Most games contain an element of chance or luck. Long before our time, long before Staunton, Ruy Lopez, Shannon and Kasparov, long before the scientific revolution that dragged Europe out of the dark ages, there lived wo/men whose ideas and discoveries marked the very beginnings of Chess as we know it today. It was left to the Greeks to develop a game that required skill and reason.

The ancient Greeks and Italians nurtured two of the greatest flowerings in the history of mankind. The Athenian Golden Age was populated by Phidias, Aeschylus, Sophocles, Euripides, Socrates, Plato, Aristotle and many of the Greek tragicans, who were reflected in the Italian Golden Age of Michelangelo, Leonardo, Machiavelli and Raphael some twenty centuries later. 

The Greeks who migrated from their homeland to the coastline of Asia Minor in about 1800 BC were different to their contemporaries in Egypt and Babylon.
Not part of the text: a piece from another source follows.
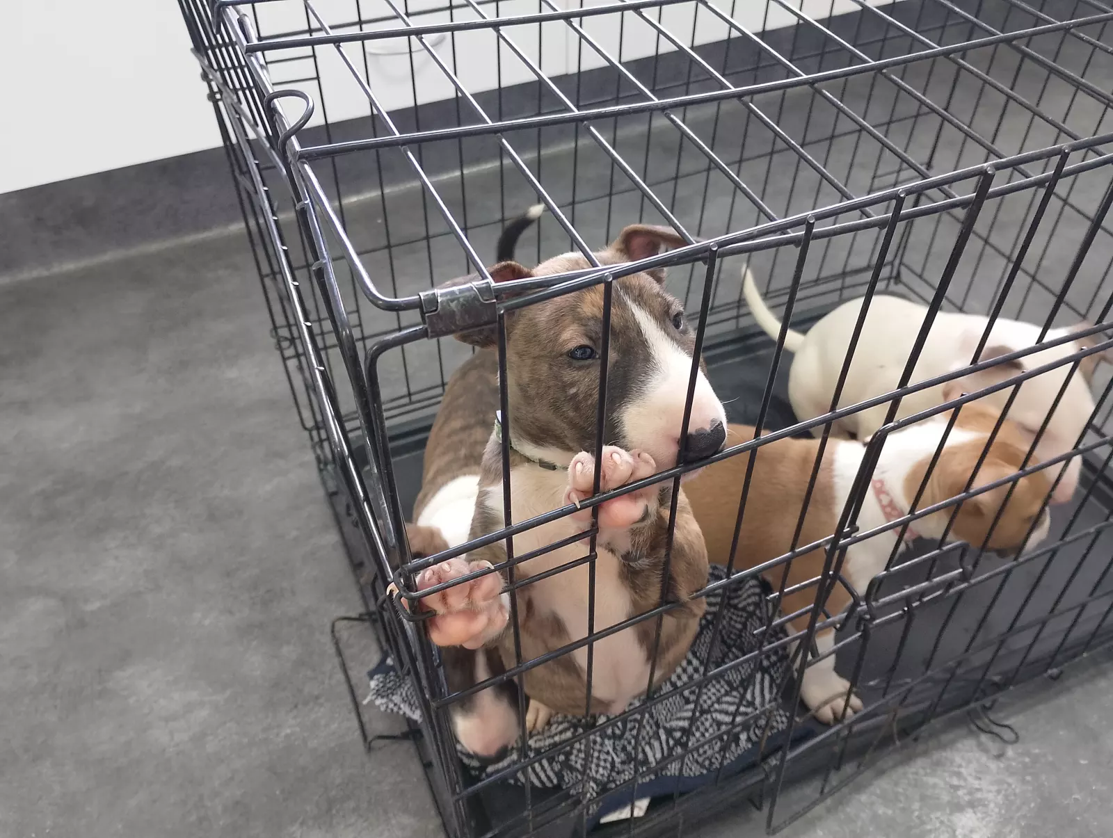Dogs have access to: warm bedding, water at all times, ample space to exercise, natural light

They were tough, practical and, most importantly, democratic. Without dogma to retard their development, they began to play Petteia, which was first mentioned by Cratinus in the 5th century BC and by Plato in ‘The Republic’, who described it as a game requiring skill and long training.

Petteia was a board game requiring pure reason and played without dice. Greece has produced many great minds - Erasosthenes of Cyrene (276-196 BC) who would later be called a Renaissance Man. His interests included history, astronomy, geography, philosophy, mathematics and poetry and was colloquially known as b (Beta), as he was considered to be the second best in the world at everything.

A friend of the great Archimedes, he achieved far more than could be dealt with here, but among his greater achievements was a map with 675 stars, a value for the angle of the Earth’s axis to the plane of the Sun’s apparent motion in the sky, a map of the British Islands, Ireland and much more.